Possible Cause: Pipes Leak
Inlet and outlet pipes are located at the top of the heater, providing for the incoming cold water and outgoing hot water. The pipes could leak at two places:
1. Unions – on each pipe, so the tank can be removed
Unions can be tightened with two pipe wrenches
2. Nipples – where the pipe enters the tank
Drain down the water in the pipes by opening a valve in a nearby sink, then loosen the unions. Tighten the nipple with a pipe wrench. If that doesn’t work…
Take the nipple out, and clean up the threads. Add fresh Teflon tape or pipe dope. Retighten the nipple and the union before turning the water back on.
Possible Cause: Tank Leaks
But, what if you see water leaking from the base or at the bottom of the tank, and it doesn’t go away the next day like condensation?
Solution: It’s time to replace your tank.
Problem: Sediment in Propane Water Heater
Just like we know the syrup always settles out on the bottom of our chocolate milk, the water in our propane water heaters has its own kind of chocolate syrup: minerals.
These minerals settle out on the bottom of your tank, creating sediment. Or when it hardens, you may be familiar with the term sedimentary rock.
While this sediment may or may not be bad for you, it’s bad for your water heater.

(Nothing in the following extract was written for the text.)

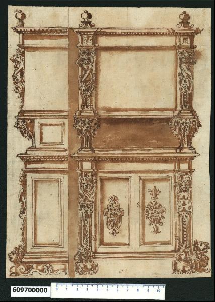 - NOTIZIE STORICO CRITICHE Nell'"Indice de due Tomi d'Intagli Tempietti ed altro", relativo ai tomi V e VI e compilato dal collezionista Giacomo Sardini, il disegno viene iscritto nel paragrafo "Mobili da Casa" con la definizione "159 Cattedra".\nIl disegno non viene riconosciuto come di Giovanni Battista Montano da Anna Bedon (Pracchi 1992, 2a parte, p. 20) mentre viene a lui attribuito da Lynda Fairbairn (1998, p. 771). La grafia del disegno in effetti si discosta alquanto dagli elaborati attribuiti a Montano, è più probabile quindi che sia stato eseguito da un allievo della sua bottega.\nLa Fairbairn lo individua come credenza, tipologia alla quale associa altri disegni della Collezione Sardini Martinelli (invv. 5,2; 5,45; 6,51; 6,89; 6,112; 6,121), cui aggiunge Roma, BAV, Ottoboniana lat. 3110 (fol. 25). Alcuni di questi fogli in realtà, non mostrano credenze, ma armadi o banchi. Il disegno oggetto della presente scheda potrebbe essere assimilato a quello presente nella collezione milanese, inv. 6,122.\nIl foglio raffigura l'alzato frontale e laterale di una credenza articolata su tre registri che mostrano soluzioni decorative differenti. Nel registro inferiore, a sinistra, su un piede con testa femminile si eleva una lesena con elementi floreali e testa alata di cherubino; a destra la testa femminile riproposta anche sulla lesena e quella che funge da piede è affiancata da un leone. Anche le ante presentano decorazioni diverse. Il registro inferiore è separato da quello superiore da un vano aperto, delimitato da mensole con mascheroni. Il contenitore superiore è chiuso (ma non presenta il disegno degli sportelli) e delimitato da lesene con mascherone (a sinistra), testa di cherubino (a destra) e figura femminile.

For one, the sediment wastes space in your tank. For example, if it takes up 20% of a 75 gallon tank, the tank can only heat up 64 gallons.
Furthermore, sediment lowers the heating efficiency because the tank has to heat up the sediment before heating the water. This burdens your fuel and utility costs.
Solution: Flush Your Hot Water Tank – Do it Annually
If you’re familiar with backwashing a pool, this is a similar process. (We just wouldn’t advise swimming in the tank after flushing).
To begin, you hook up a hose to the drain valve and run the other end to a floor drain, or nearby sink or tub. Then, ensure that all connections are tight and nothing leaks when you open the valve.
The cold water inlet valve should be on to purify the tank with fresh water, and all hot water valves and faucets should be closed. Keep running water through the tank until the water is clear.